►

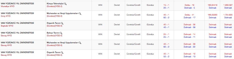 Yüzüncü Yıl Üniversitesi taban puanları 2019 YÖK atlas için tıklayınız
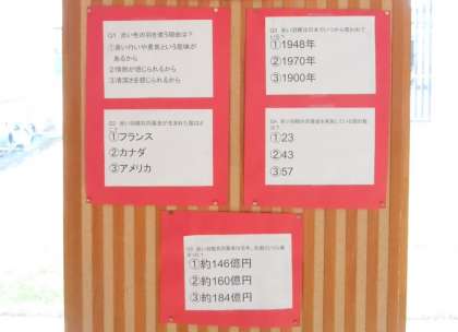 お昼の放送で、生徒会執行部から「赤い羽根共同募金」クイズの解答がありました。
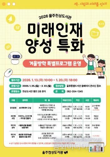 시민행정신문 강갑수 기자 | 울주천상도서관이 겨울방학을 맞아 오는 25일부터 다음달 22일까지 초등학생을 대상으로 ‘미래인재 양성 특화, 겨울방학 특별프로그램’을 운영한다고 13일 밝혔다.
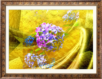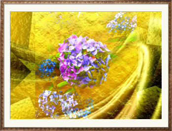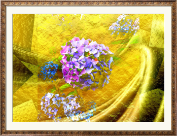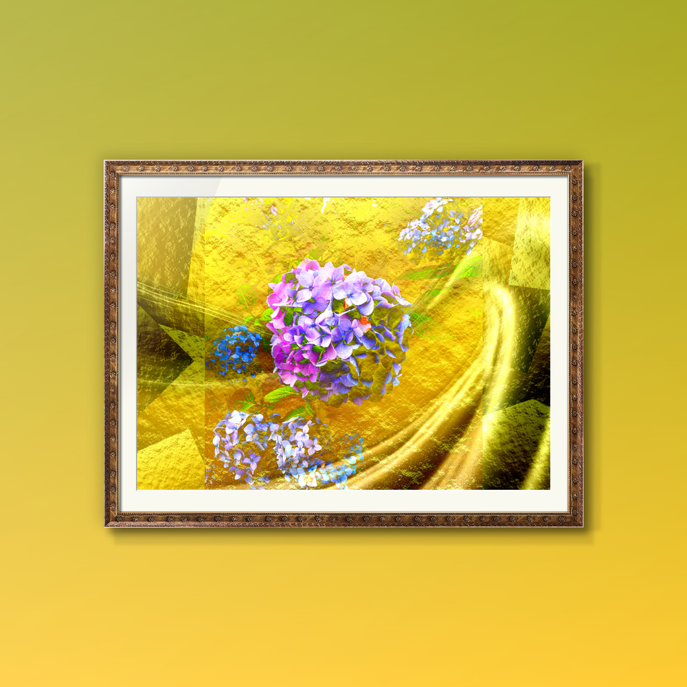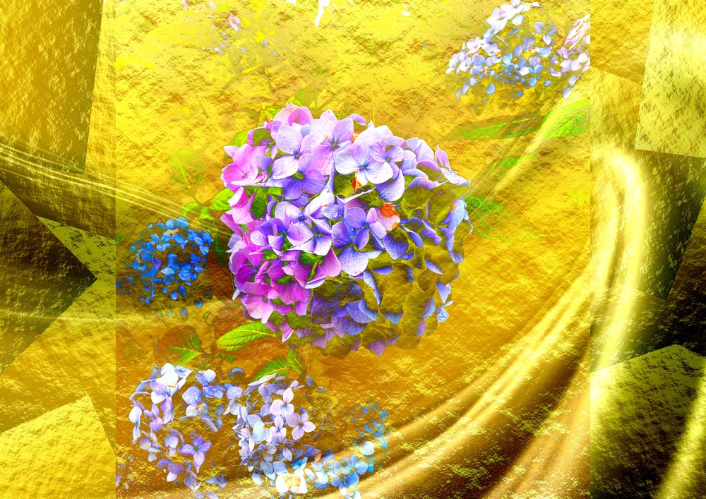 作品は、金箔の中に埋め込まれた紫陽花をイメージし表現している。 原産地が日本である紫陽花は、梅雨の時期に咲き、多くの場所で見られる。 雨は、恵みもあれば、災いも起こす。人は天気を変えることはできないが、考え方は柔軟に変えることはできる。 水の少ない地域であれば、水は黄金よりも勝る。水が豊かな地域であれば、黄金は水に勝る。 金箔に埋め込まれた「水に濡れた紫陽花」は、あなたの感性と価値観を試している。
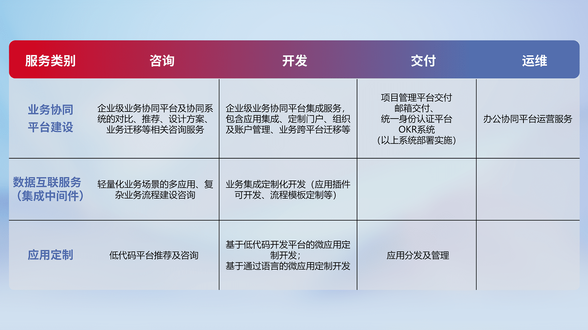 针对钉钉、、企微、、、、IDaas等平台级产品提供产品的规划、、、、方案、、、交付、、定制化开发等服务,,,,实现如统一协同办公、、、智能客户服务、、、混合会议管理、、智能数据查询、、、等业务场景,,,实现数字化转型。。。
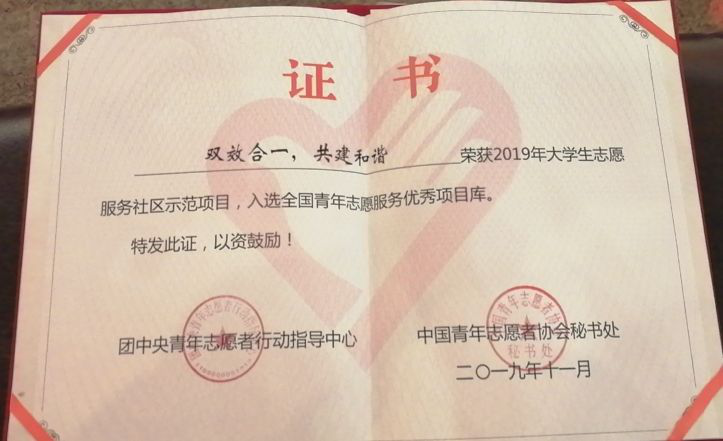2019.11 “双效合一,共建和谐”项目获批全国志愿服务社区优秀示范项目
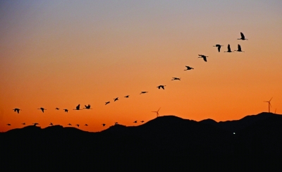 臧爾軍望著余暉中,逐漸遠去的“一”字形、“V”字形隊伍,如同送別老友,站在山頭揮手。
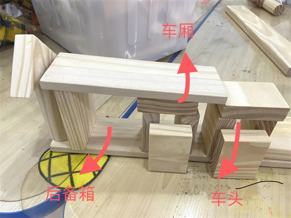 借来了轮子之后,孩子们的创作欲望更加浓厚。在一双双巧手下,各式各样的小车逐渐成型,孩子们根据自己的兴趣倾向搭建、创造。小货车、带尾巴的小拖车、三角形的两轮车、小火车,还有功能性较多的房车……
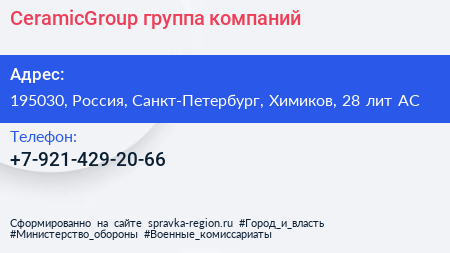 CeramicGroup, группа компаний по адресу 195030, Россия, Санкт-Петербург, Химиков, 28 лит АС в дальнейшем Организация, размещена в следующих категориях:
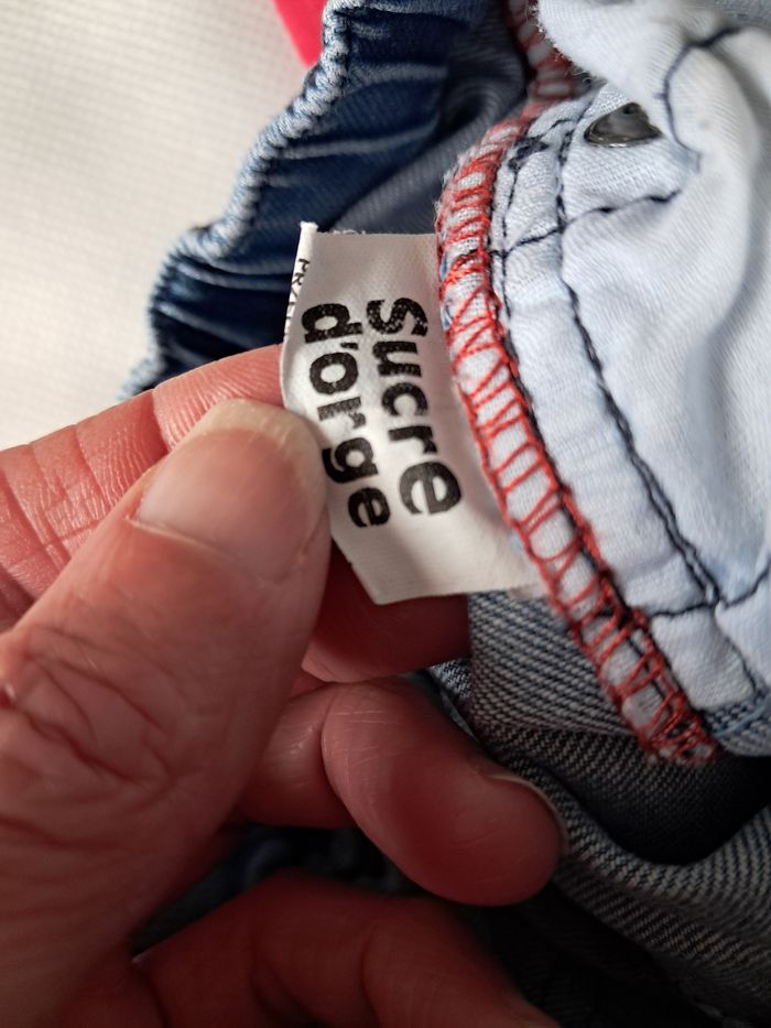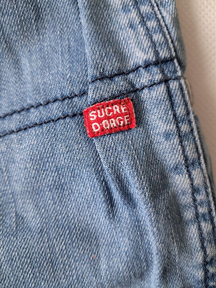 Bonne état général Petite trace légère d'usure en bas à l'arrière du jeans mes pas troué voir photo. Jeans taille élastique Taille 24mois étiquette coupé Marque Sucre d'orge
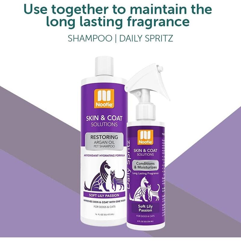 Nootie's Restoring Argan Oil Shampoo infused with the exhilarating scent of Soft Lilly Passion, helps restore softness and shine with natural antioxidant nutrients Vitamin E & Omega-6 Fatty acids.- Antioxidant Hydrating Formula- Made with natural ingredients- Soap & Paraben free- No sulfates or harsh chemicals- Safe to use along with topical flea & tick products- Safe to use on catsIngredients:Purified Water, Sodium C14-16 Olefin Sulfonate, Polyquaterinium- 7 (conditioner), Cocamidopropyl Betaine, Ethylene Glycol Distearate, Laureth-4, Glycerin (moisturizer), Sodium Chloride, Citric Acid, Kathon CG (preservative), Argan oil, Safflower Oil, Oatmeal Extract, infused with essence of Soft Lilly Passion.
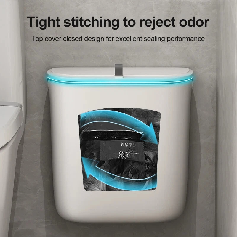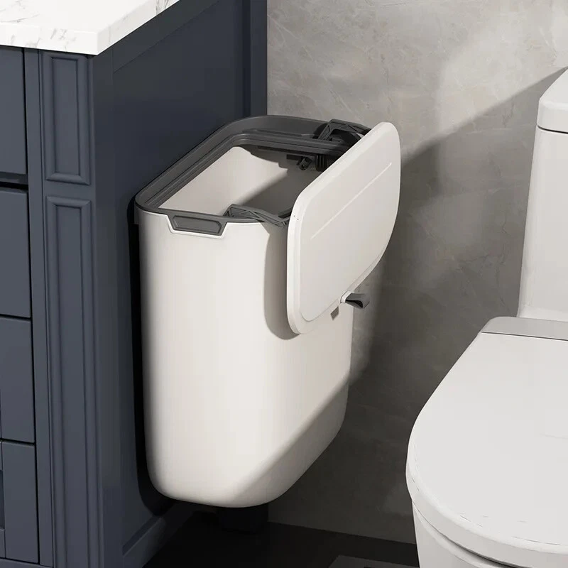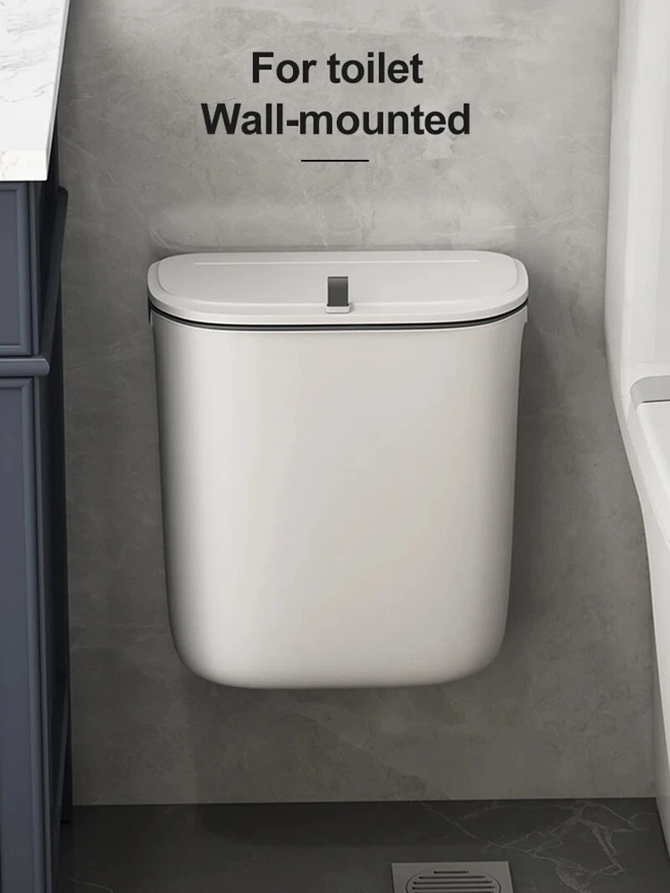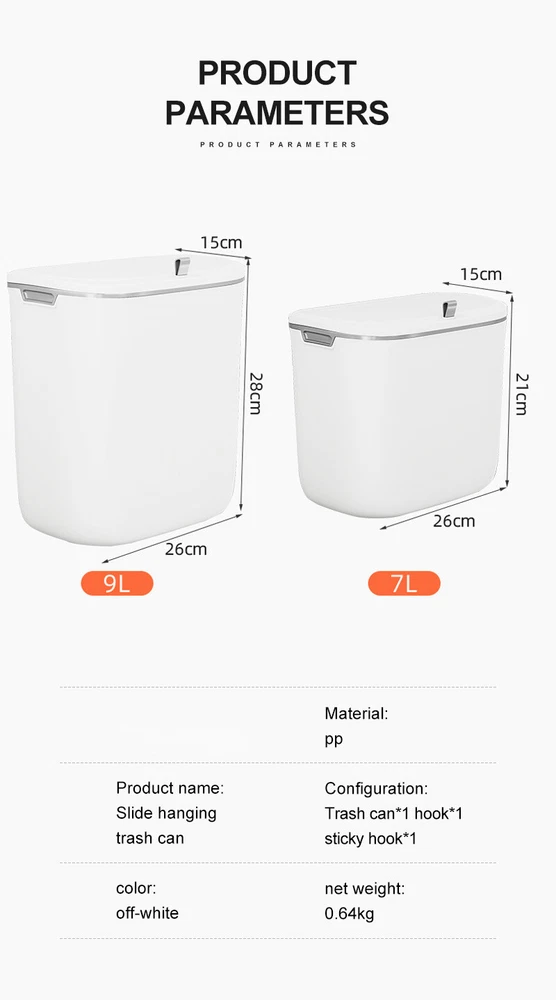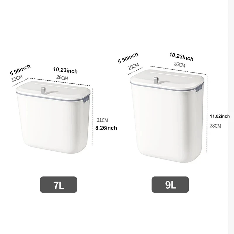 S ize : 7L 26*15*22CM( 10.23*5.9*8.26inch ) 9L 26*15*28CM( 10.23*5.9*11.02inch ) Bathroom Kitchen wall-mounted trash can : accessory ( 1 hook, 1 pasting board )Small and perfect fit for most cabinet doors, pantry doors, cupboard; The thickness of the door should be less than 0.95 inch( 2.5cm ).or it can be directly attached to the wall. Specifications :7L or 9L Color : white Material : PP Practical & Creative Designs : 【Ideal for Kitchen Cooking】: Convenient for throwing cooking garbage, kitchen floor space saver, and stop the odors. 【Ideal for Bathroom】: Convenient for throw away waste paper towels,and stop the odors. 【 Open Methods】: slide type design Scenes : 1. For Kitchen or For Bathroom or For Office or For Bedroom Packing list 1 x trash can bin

◄

**What to work on**
Although the records contain pictures, transcribe only their text, exactly as written.

**Solution to the problem**
 Yüzüncü Yıl Üniversitesi taban puanları 2019 YÖK atlas için tıklayınız
 お昼の放送で、生徒会執行部から「赤い羽根共同募金」クイズの解答がありました。
 시민행정신문 강갑수 기자 | 울주천상도서관이 겨울방학을 맞아 오는 25일부터 다음달 22일까지 초등학생을 대상으로 ‘미래인재 양성 특화, 겨울방학 특별프로그램’을 운영한다고 13일 밝혔다.
 作品は、金箔の中に埋め込まれた紫陽花をイメージし表現している。 原産地が日本である紫陽花は、梅雨の時期に咲き、多くの場所で見られる。 雨は、恵みもあれば、災いも起こす。人は天気を変えることはできないが、考え方は柔軟に変えることはできる。 水の少ない地域であれば、水は黄金よりも勝る。水が豊かな地域であれば、黄金は水に勝る。 金箔に埋め込まれた「水に濡れた紫陽花」は、あなたの感性と価値観を試している。
 针对钉钉、、企微、、、、IDaas等平台级产品提供产品的规划、、、、方案、、、交付、、定制化开发等服务,,,,实现如统一协同办公、、、智能客户服务、、、混合会议管理、、智能数据查询、、、等业务场景,,,实现数字化转型。。。
2019.11 “双效合一,共建和谐”项目获批全国志愿服务社区优秀示范项目
 臧爾軍望著余暉中,逐漸遠去的“一”字形、“V”字形隊伍,如同送別老友,站在山頭揮手。
 借来了轮子之后,孩子们的创作欲望更加浓厚。在一双双巧手下,各式各样的小车逐渐成型,孩子们根据自己的兴趣倾向搭建、创造。小货车、带尾巴的小拖车、三角形的两轮车、小火车,还有功能性较多的房车……
 CeramicGroup, группа компаний по адресу 195030, Россия, Санкт-Петербург, Химиков, 28 лит АС в дальнейшем Организация, размещена в следующих категориях:
 Bonne état général Petite trace légère d'usure en bas à l'arrière du jeans mes pas troué voir photo. Jeans taille élastique Taille 24mois étiquette coupé Marque Sucre d'orge
 Nootie's Restoring Argan Oil Shampoo infused with the exhilarating scent of Soft Lilly Passion, helps restore softness and shine with natural antioxidant nutrients Vitamin E & Omega-6 Fatty acids.- Antioxidant Hydrating Formula- Made with natural ingredients- Soap & Paraben free- No sulfates or harsh chemicals- Safe to use along with topical flea & tick products- Safe to use on catsIngredients:Purified Water, Sodium C14-16 Olefin Sulfonate, Polyquaterinium- 7 (conditioner), Cocamidopropyl Betaine, Ethylene Glycol Distearate, Laureth-4, Glycerin (moisturizer), Sodium Chloride, Citric Acid, Kathon CG (preservative), Argan oil, Safflower Oil, Oatmeal Extract, infused with essence of Soft Lilly Passion.
 S ize : 7L 26*15*22CM( 10.23*5.9*8.26inch ) 9L 26*15*28CM( 10.23*5.9*11.02inch ) Bathroom Kitchen wall-mounted trash can : accessory ( 1 hook, 1 pasting board )Small and perfect fit for most cabinet doors, pantry doors, cupboard; The thickness of the door should be less than 0.95 inch( 2.5cm ).or it can be directly attached to the wall. Specifications :7L or 9L Color : white Material : PP Practical & Creative Designs : 【Ideal for Kitchen Cooking】: Convenient for throwing cooking garbage, kitchen floor space saver, and stop the odors. 【Ideal for Bathroom】: Convenient for throw away waste paper towels,and stop the odors. 【 Open Methods】: slide type design Scenes : 1. For Kitchen or For Bathroom or For Office or For Bedroom Packing list 1 x trash can bin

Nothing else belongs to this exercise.